→ **What the exercise asks**: The response should contain all of the data below, reproduced exactly, and no pictures.

→ **Data section**:
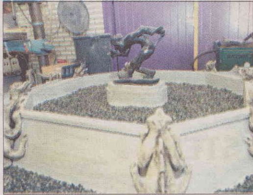
En tro kopi af troldespringvandet er netop opført i målestoksforholdet 1:10.
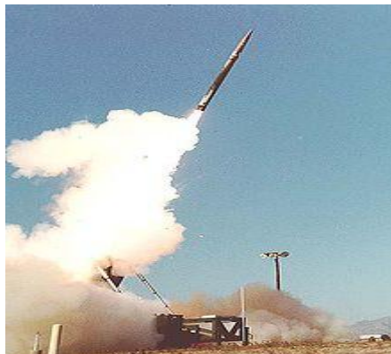
تاد(دایو ډول ضد بالیستیکی توغندی دی چی دخپل محرک انرژي سره دشمن توغندی خنثی کوی

هغه دوم ډول ضد بالیستیکی سیستم توغندی چی د (THAAD) په نوم سره یادیری او د ځان سره موبایل تیلیفون هم لری د امریکې د ځمکنی قوتونو په اختیار کی دی چی دهغه دنده د سرتیرو ساتنه په هغو سیمو کی دی کوم چی امریکایی ځمکنی سرتیری هلته راپلی کیری او یا هلته ځای پر ځای کیری

→ **Answer to the problem**:
En tro kopi af troldespringvandet er netop opført i målestoksforholdet 1:10.
تاد(دایو ډول ضد بالیستیکی توغندی دی چی دخپل محرک انرژي سره دشمن توغندی خنثی کوی

هغه دوم ډول ضد بالیستیکی سیستم توغندی چی د (THAAD) په نوم سره یادیری او د ځان سره موبایل تیلیفون هم لری د امریکې د ځمکنی قوتونو په اختیار کی دی چی دهغه دنده د سرتیرو ساتنه په هغو سیمو کی دی کوم چی امریکایی ځمکنی سرتیری هلته راپلی کیری او یا هلته ځای پر ځای کیری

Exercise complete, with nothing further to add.